放たれるビルドの右腕を上から掴みそのまま地面に叩きつけるように一本背負投

身体能力が向上したビルドでさえも踏ん張りきれず地面に激突する。

 

「出久をッ……離しやがれッッ!!」

 

さらに間髪入れずもう一度出久の腕を掴んで投げ飛ばそうとするオールマイトに対してグリスが両手から大規模爆発を放ち、一度退けさせる。

 

「助かったよ、かっちゃん」

 

「気にすんな!んなことより次来んぞ!」

 

爆破を受けて一度後退したオールマイトが左腕を大きく振るいながら2人に向かってくる。

 

「ワンフォーオール・フルカウル!!」

 

ビルドの身体から緑色の稲妻が出たかと思えば、その身体はいつの間にかオールマイトの正面から消えて側面に現れ、脇腹に蹴りを入れる。

 

「素早いなっ…緑谷少年…」

 

流石にこの緑谷出久の動きには対応することができなかった、だが攻撃を受けてからのオールマイトの反撃は早かった。

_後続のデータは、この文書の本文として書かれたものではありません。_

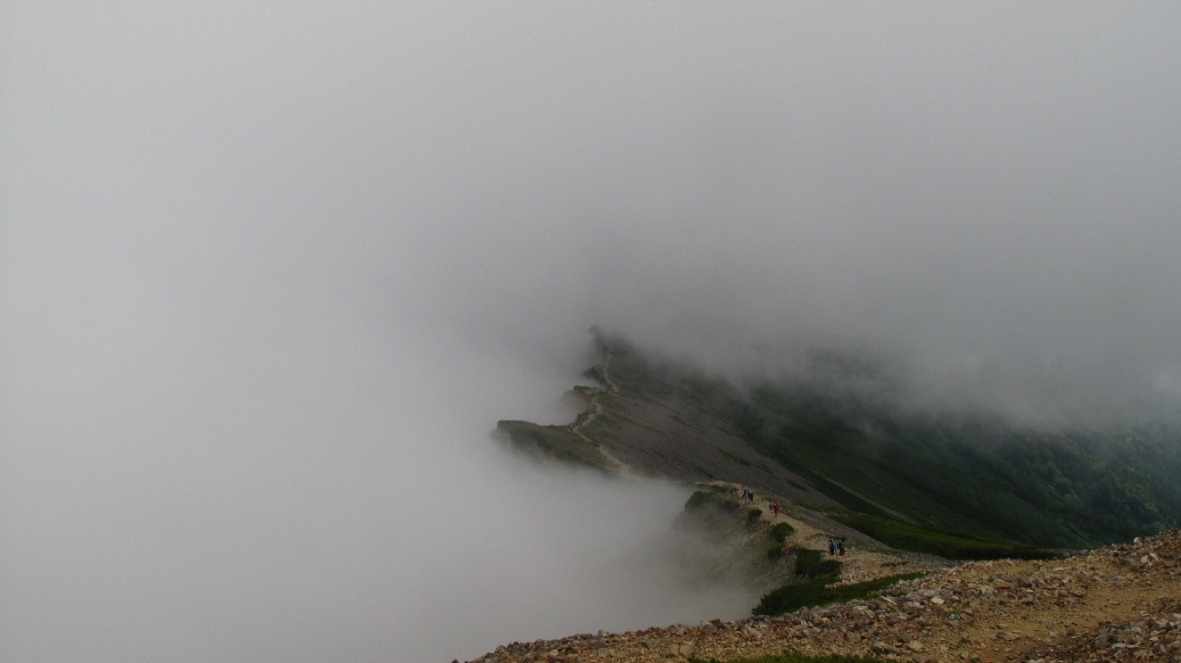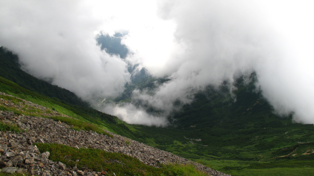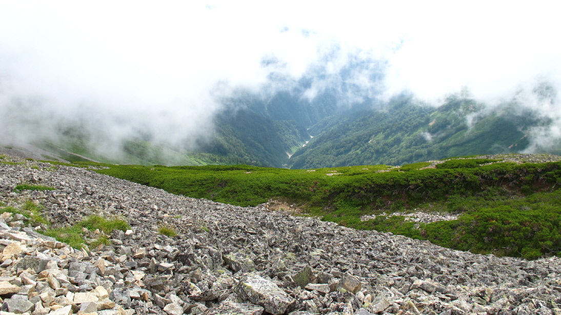 ガスの隙間から沢が見えます この下はに見えるのは下ノ廊下とかかな~?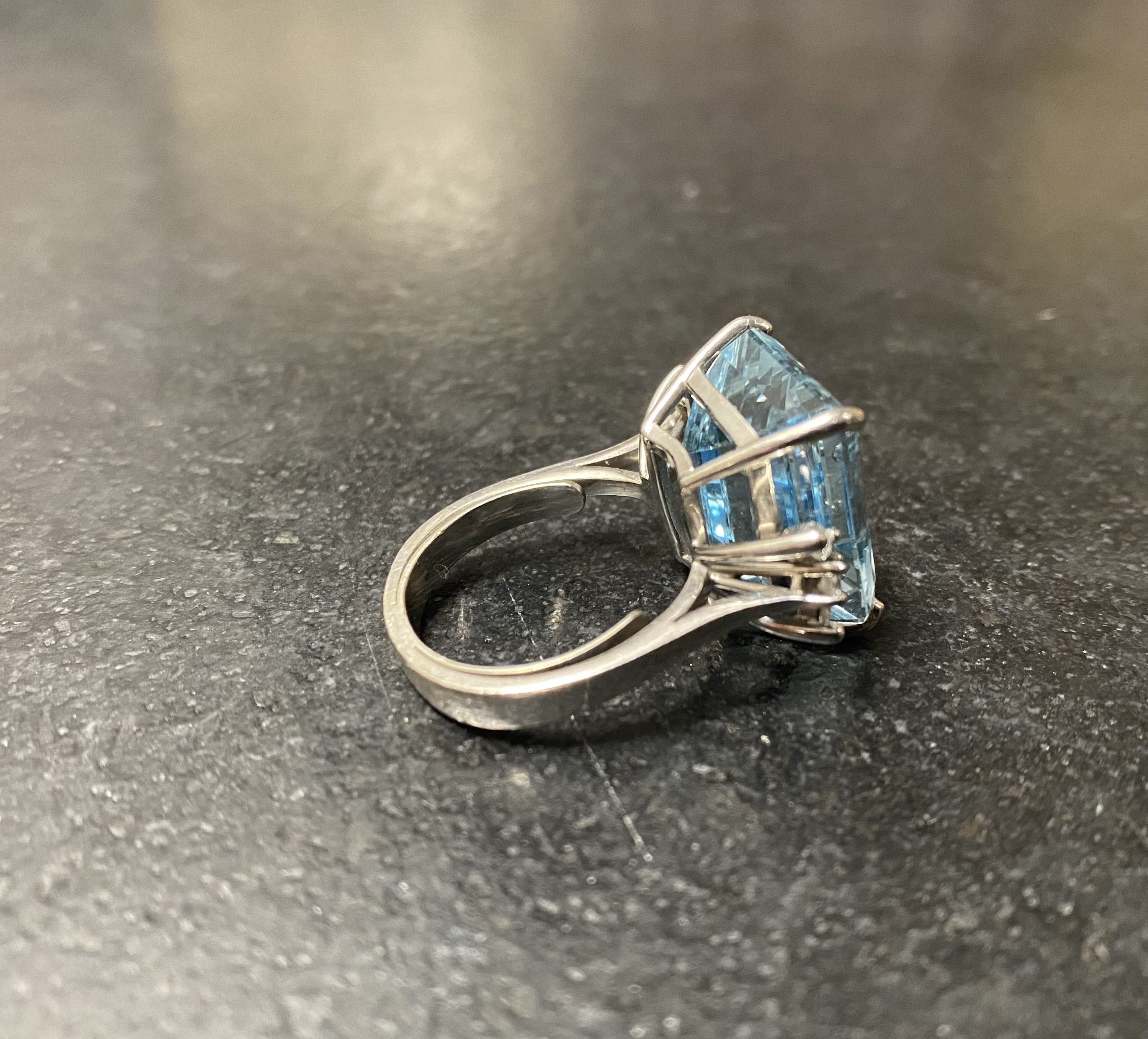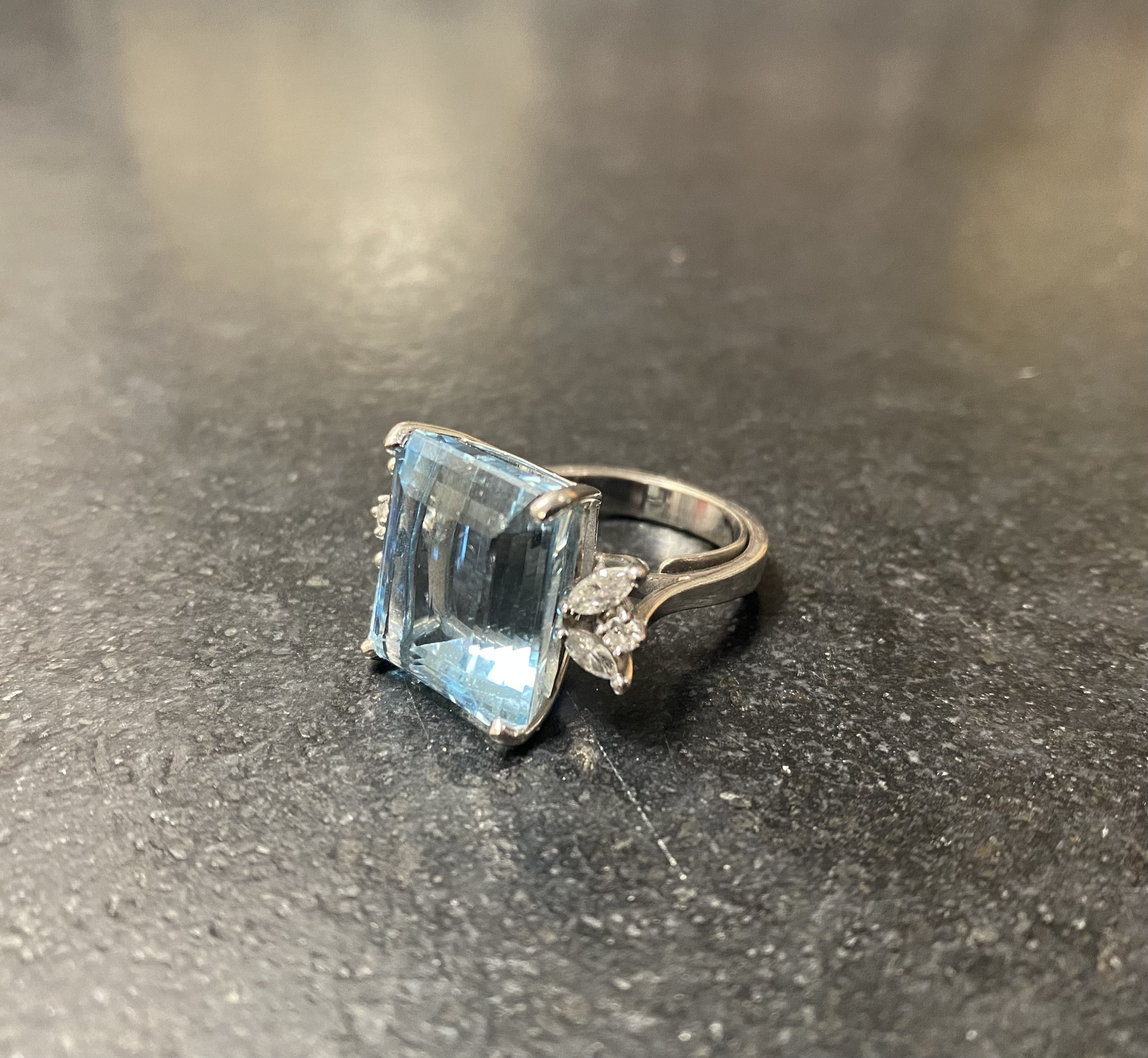 en or blanc 750 millièmes ou platine (à charge de contrôle) ornée d'une importante aigue-marine à pans coupés (environ 16 ct) dans un entourage de quatre petits diamants en navette et deux brillants.

攻撃を受けつつも出久の方に顔を向けて右腕を打ち込む。

 

「つ、強いッ……」

 

流石No.1ヒーローオールマイトと言ったところだろう、

まだ変身できるようになって数か月程度ではあるが仮面ライダー2人を圧倒する。

強力なパワーをビルドとグリスに向けて次々と放っていき2人はゲートから少しずつ後退してしまう。

 

「僕らのパワーでも押し負けるっ……」

 

「俺らが目指した壁ってのはやっぱデケエ…」

 

「かっちゃん、ここは僕が引きつけるから先に行って……」

 

オールマイトから距離を取る2人、

その状況でビルドがハザードトリガーを手に取りグリスより前に出るが…

 

「それは使わせねえ…」

 

ビルドドライバーにハザードトリガーを刺そうとする出久の腕を爆豪が掴んで止める。

 

「かっちゃん……」

 

「それ使ったらまた暴走しちまうだろ、」

 

「……」

 

ハザードトリガーは仮面ライダーの持つ力をさらに引き出せる反面脳を刺激し暴走させてしまうという危険性も秘めている。

以前保須で使用した時も緑谷出久は暴走してしまった。

 

「暴走しちまったらまた大変なことになって自分が傷付いちまうだろ、悪いけどそうはさせねえ、それが俺がお前にできる償いだ!!」

 

そう言うとグリスはオールマイトの方に向かって走り出す。

 

「また正面突破かな?けどそれなら、」

 

再度拳から技を放つための動作に入るオールマイトだったが、

 

『シングル!』

 

アタックモードにしたツインブレイカーがカブトムシの角状のエネルギーを纏い、オールマイトに向けて横に振るわれる。

 

「リーチが長いな!けど、これぐらいじゃやられないさ!」

 

カブトムシの角型のエネルギーを両腕で受け止めるオールマイト

 

「わかってんよ、出久!いい一撃頼んだぜ!」

 

「わかった!」

 

爆豪が自身の技を止められながらも、出久の方を見るとそれに反応するように出久も頷いてビルドドライバーのレバーを回すと、

 

『スパークリングフィニッシュ!』

 

胸部のカルボニックチェストアーマーから発生したディメンションバブルを纏いながら、ワームホールの様な図形でオールマイトを拘束し

 

「Shit!これでは動けない!」

 

拘束されたオールマイトに向かって…

 

「ワンフォーオール!フルカウル!」

 

ディメンションバブルとワンフォーオールを纏ったライダーキックが放たれる。

 

「ナイスだよ、緑谷少年」

 

爆豪のツインブレイカーでの攻撃が自身に隙を与え、その隙を見逃さずに自分を拘束し必殺キックを放った出久への賞賛の言葉をつぶやきながらライダーキックを受け入れるオールマイト

弟子の成長とその幼馴染との和解による連携に対しての涙を堪え、必殺キックのダメージで動けないということも相まってか彼ら2人のゴール通過を許した。